Deterioration of abilities creates rage, frustration and anger. Adaptation is hard when you haven’t had to adapt to body changes much in your life. I think this impacts men much differently from women, especially women who have had children, but then I have never completely lost the use of a limb.
Over the last 3 or 4 months Dave has been losing the use of his right hand, which has extended into the right arm. We do know that the tumor was in a region that impacts this movement and control. Speech hasn’t been as impacted, but there is still some frustration when words don’t come smoothly or the opposite of what he wants to say comes out.
There is also the desire to go out and do things. Like go to the movies, shopping, and anything outside of the house that he can do. SARS-COV-2 has really put a lot of restrictions on what and where he is able to go due to the continuing chemotherapy treatments and his lower immune system.
With me being home working it’s also hard because we have to get used to seeing each other all the time and often I am not able to just drop what I am doing to have a conversation or encourage him to go for a walk or just get outside. I get exceptionally frustrated when he doesn’t do anything to help get strength back, yet I completely understand why as it’s one of those things that while you know it will help, the motivation to get moving and do something isn’t great when you can’t do what you think you should be able to do.

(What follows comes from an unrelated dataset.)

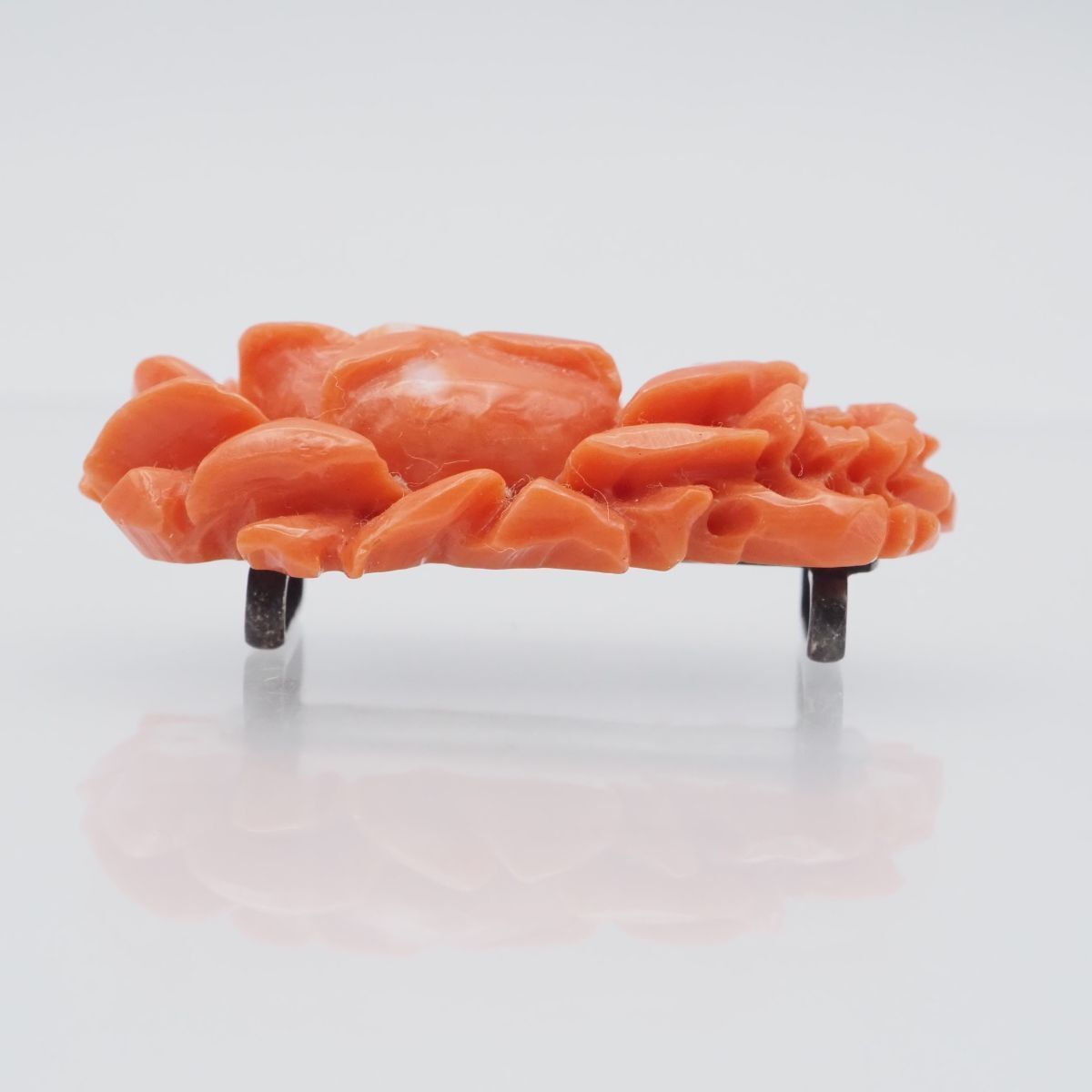 F 910 珊瑚 サンゴ 帯留め 花彫刻 デザイン シルバー 和装小物 誕生石

It has been 15 months of challenges and there comes a point in time where you get really tired of everything you do being a challenge, tiring you out or being harder than your brain remembers it being. I’ve never really been through that to this extreme, but do recall injuries that have had a lasting impact on how I function and do things, knees are not fun to injure.
The next MRI is tomorrow. We find out the results on November 17. We keep cycling through the same emotional flow during the 6 week rotations, but this one has been harder as the loss of the arm has really created a feeling of uselessness. I don’t think he is useless, I think that his usefulness just needs to shift. That is always the way I have felt. Throughout life our way of interacting with the world changes with our abilities or inabilities. It is up to us to take responsibility for this shift and do what we can, ask for help for what we don’t do well and let go of what we can’t do anymore.
However, much of this directly impacts our identity. If we can’t do something it changes how we related to those around us and the world. I completely understand the anger and frustration over this, though I haven’t been through it in this way. It takes a different way of thinking to get through it, and sometimes there are very dark days that need to be struggled through to see the bright ones.
I will update after the oncology appointment. Any thoughts, prayers, well wishes, etc are always welcome and appreciated as it’s getting harder than it has been. Those of you that have Dave’s contact please text him. He may not respond, but knowing that people care helps.
We are still in this fight. Your support helps. Dave’s Brain Cancer Journey
The Adams-Schlag Family 
Think of your family often around this pandemic, take care, hope the sunshine’s a lot this winter ❤️❤️
We pray for Dave daily asking for healing and/or improvement. We have no idea how hard it is for both of you but we will continue to hold you guys up in prayer.
Thinking of you and remembering all of the wonderful times spent with you, Amanda, and your mom. Sending love to you, Dave, and your boys. ❤
Sending prayers to you and your family, especially to Dave. I see the boys out playing in our front yards, using my large spruce tree as a fort. It makes us smile. We know is it a hard thing to deal with and wish for ease in this transition of life. Take care, and I’m sure you are.